Technology hurdles are forcing the Internal Revenue Service to again delay the effective date of a revenue ruling that gave employers guidance on the use of smart cards, debit cards and credit cards to provide transportation fringe benefits to employees.

The effective date of Revenue Ruling 2006-57, which was issued Nov. 20, 2006, was originally set for Jan. 1, 2008. In 2007, however, the Treasury Department and the IRS learned that some transit systems needed extra time to modify their technology and make it compatible with the requirements for vouchers described in the revenue ruling.

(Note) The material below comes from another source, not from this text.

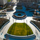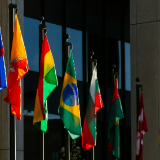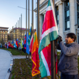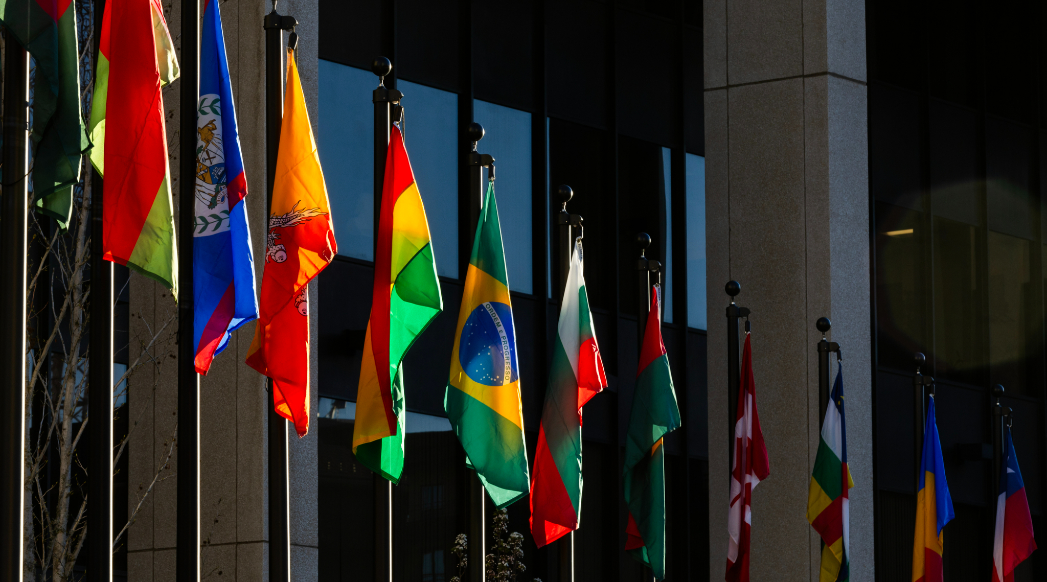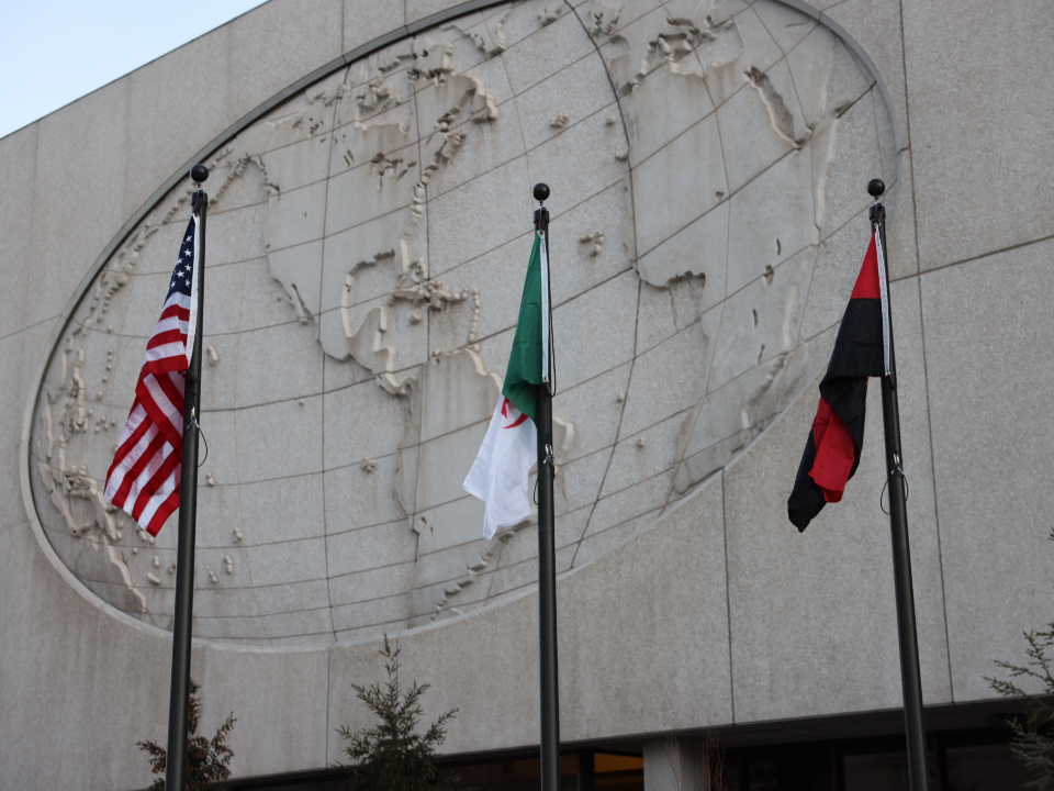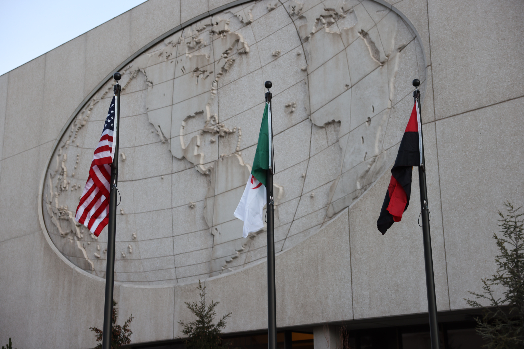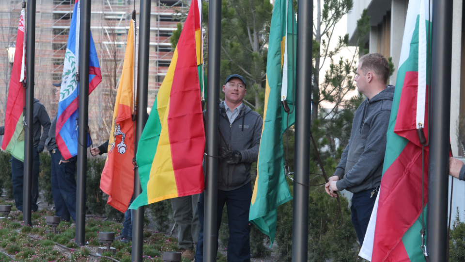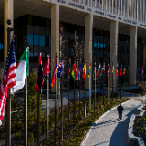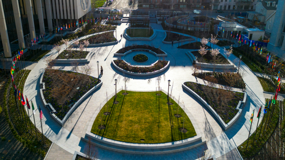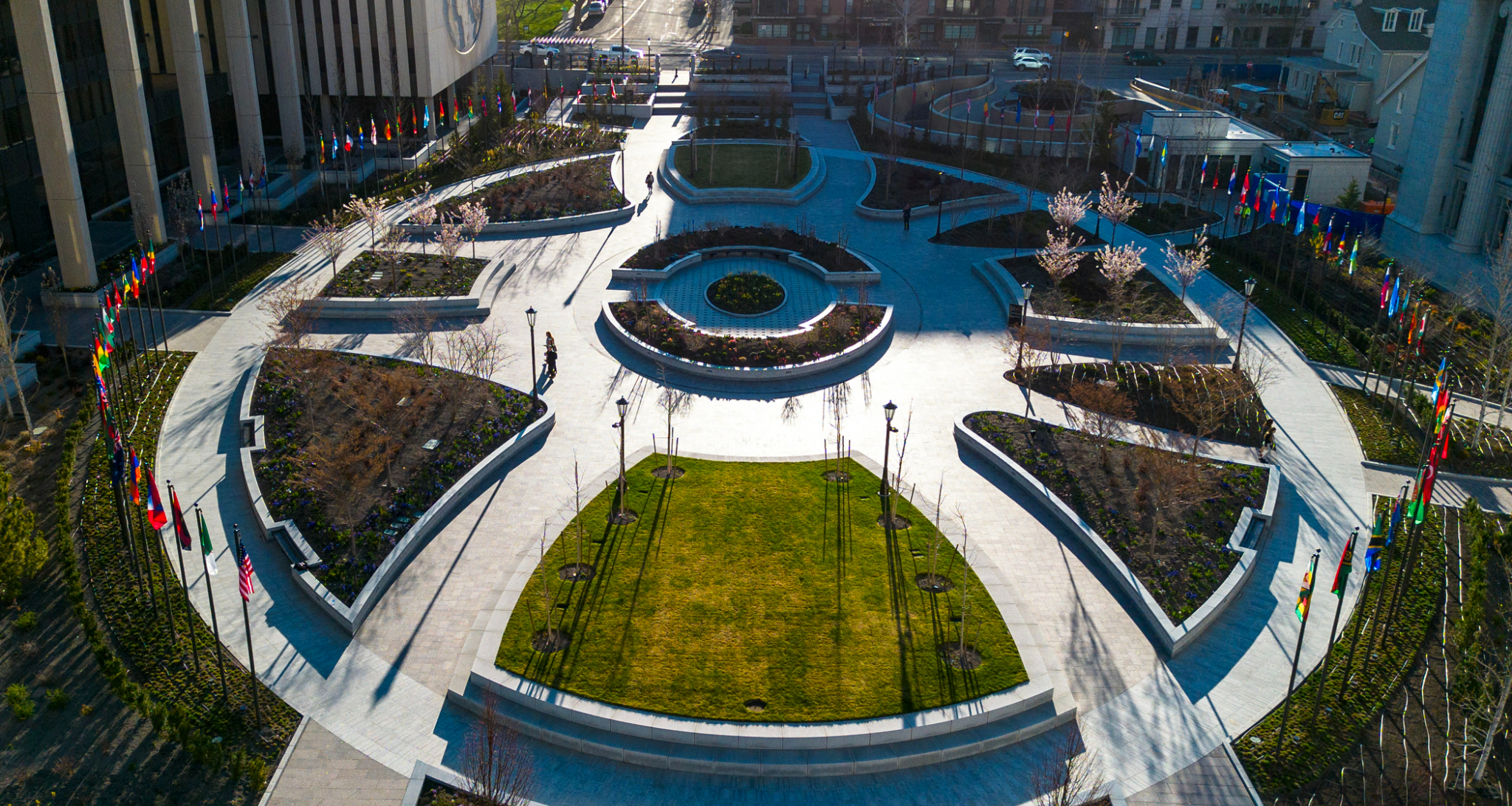 Flags of officially recognized United Nations countries will be displayed as part of a regular rotation. The flag oval begins at the plaza’s northwest corner with the flag of the United States. From there, 90 additional flags will rotate every three months. The flags will be placed in alphabetical order according to the English name of the country and will always be illuminated.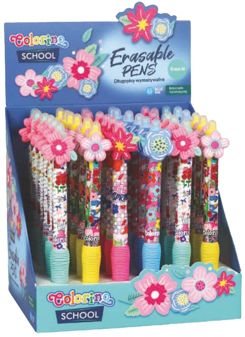 A collection of erasable pens with a colorful body and cute flower decorations. The pleasant rubberized grip ensures a comfortable hold for every schoolchild. • line width: 0.5 mm • ink color: blue • push mechanism in the clip • 4 flower designs • rubberized grip

One provision in the revenue ruling had stated, "A voucher or similar item is readily available for direct distribution by an employer to employees if and only if the employer can obtain it from a voucher provider that does not impose fare media charges greater than 1 percent of the average annual value of the voucher for a transit system, and does not impose other restrictions causing the voucher not to be considered readily available."

Last October, the IRS delayed the effective date until Jan. 1, 2009. Now, with transit systems still experiencing technology hurdles, the effective date has been postponed for another year, according to Notice 2008-74: "Certain transit systems continue to experience technology barriers to achieving compatibility with the requirements for vouchers. Therefore, the ruling's effective date is further delayed until Jan. 1, 2010. Nevertheless, employers and employees may rely on Revenue Ruling 2006-57 with respect to transactions occurring prior to Jan. 1, 2010." An IRS spokesman declined to elaborate on the exact technology barriers that the transit systems were encountering.